## Work request:
Images are to be left out; everything else in the listing should be repeated exactly.

## Exercise data:
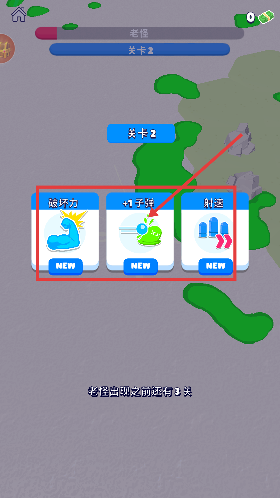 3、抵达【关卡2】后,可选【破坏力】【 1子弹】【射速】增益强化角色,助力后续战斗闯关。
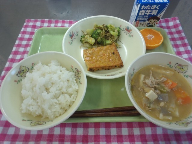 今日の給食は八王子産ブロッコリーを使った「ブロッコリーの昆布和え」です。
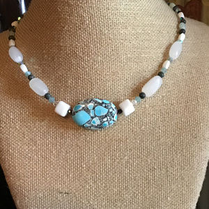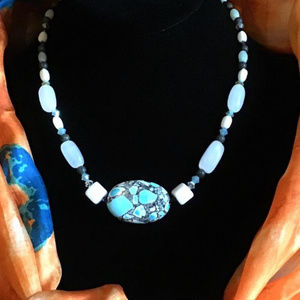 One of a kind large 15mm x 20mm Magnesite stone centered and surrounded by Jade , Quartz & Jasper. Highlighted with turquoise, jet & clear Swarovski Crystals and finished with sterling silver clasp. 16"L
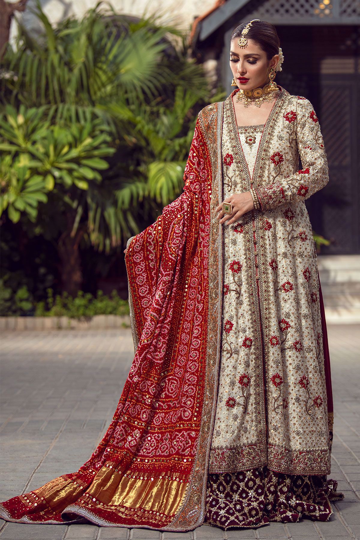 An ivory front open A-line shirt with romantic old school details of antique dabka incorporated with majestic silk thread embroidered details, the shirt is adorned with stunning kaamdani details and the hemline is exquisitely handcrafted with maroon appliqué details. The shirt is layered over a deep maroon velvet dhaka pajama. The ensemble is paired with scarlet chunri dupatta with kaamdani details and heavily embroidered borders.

## Exercise output:
 3、抵达【关卡2】后,可选【破坏力】【 1子弹】【射速】增益强化角色,助力后续战斗闯关。
 今日の給食は八王子産ブロッコリーを使った「ブロッコリーの昆布和え」です。
 One of a kind large 15mm x 20mm Magnesite stone centered and surrounded by Jade , Quartz & Jasper. Highlighted with turquoise, jet & clear Swarovski Crystals and finished with sterling silver clasp. 16"L
 An ivory front open A-line shirt with romantic old school details of antique dabka incorporated with majestic silk thread embroidered details, the shirt is adorned with stunning kaamdani details and the hemline is exquisitely handcrafted with maroon appliqué details. The shirt is layered over a deep maroon velvet dhaka pajama. The ensemble is paired with scarlet chunri dupatta with kaamdani details and heavily embroidered borders.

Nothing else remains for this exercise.